Jaxson. Home early. Finding me cooking ramen while drowning in his stolen dress shirt. The universe really had it out for me today.

My brain scrambled for a witty response, something casual and breezy that might explain why I was standing in our kitchen wearing a dress shirt that probably cost more than all my worldly possessions combined. What emerged was approximately zero percent casual and one hundred percent disaster.

“It’s fancy ramen!” I blurted, still not turning around, as if keeping my back to him might somehow render me invisible. “With eggs and ham and stuff. Not just the twenty-five-cent kind.”

As if the quality of my ramen was the issue here. As if he gave two shits about my culinary innovations with instant noodles when I was literally wearing his clothes without permission.

I heard him move closer, each step making the golden warmth in my chest pulse stronger. Then I felt it—the heat of his body directly behind mine, not quite touching but close enough that the air between us seemed charged with electricity.

“I wasn’t talking about the ramen.” His voice dropped lower, sending vibrations straight down my spine. His hands came to rest on the counter on either side of me, effectively caging me in without actually touching me. “Though that does look… interesting.”

I was trapped between Jaxson’s body and the kitchen counter, my brain rapidly cycling through flight-or-fight responses before landing on a third, much more inconvenient option: horny paralysis.

My heart pounded so hard I was sure he could hear it, blood rushing in my ears like I’d stuck my head under Niagara Falls.

“I can explain the shirt,” I said, my voice higher than usual, words coming out faster than Nico’s gaming reflexes.

“I was just—it was right there—and my clothes were all—and I didn’t think you’d mind—which I now realize was incredibly stupid of me—but I’ll wash it—dry clean it—whatever expensive fabric care ritual it requires—”

“Lan.” My name on his lips stopped my verbal diarrhea mid-flow. “Breathe.”

I inhaled shakily, suddenly aware I’d been talking without oxygen. The warmth in my chest wasn’t just internal panic—it was that strange heat that always flared when Jaxson was near, pulsing in time with my heartbeat.

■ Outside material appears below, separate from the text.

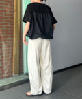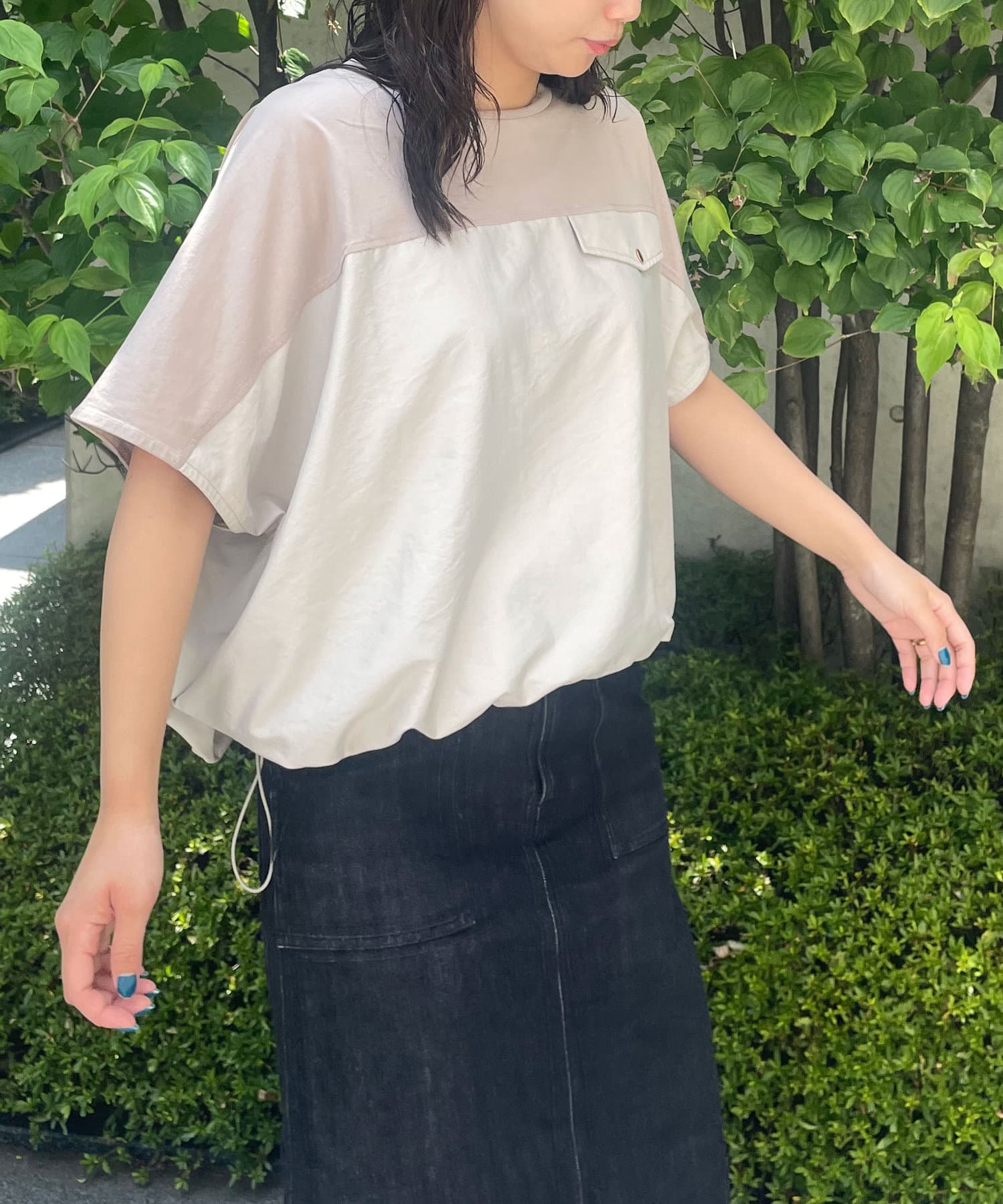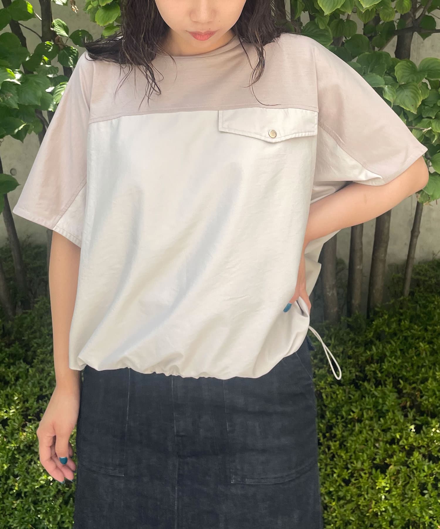裾をしぼると シルエットが変わるので 色んなボトムスに合わせやすそうです

“I don’t mind,” he said, his voice closer now, directly beside my ear. I could feel his breath against my neck, raising goosebumps across my skin. “Though I am curious what inspired this particular… fashion choice.”

Fuck. How exactly do I explain that I’d been sniffing his shirts like some lovesick pervert?

That I’d fallen asleep in his bed because his scent made something in my chest settle like nothing else could?

That’d I’d kept wearing the shirt because taking it off felt like breaking a connection I desperately wanted to maintain?

“I spilled something on my shirt,” I lied, with all the conviction of Nico claiming he hadn’t eaten the last cookie. “And yours was… closer than mine.”

“Closer,” he repeated, and I could hear the smile in his voice even without seeing his face. “My closet was closer than yours?”

“It’s a walk-in closet!” I protested, finally turning to face him, which was a tactical error of catastrophic proportions.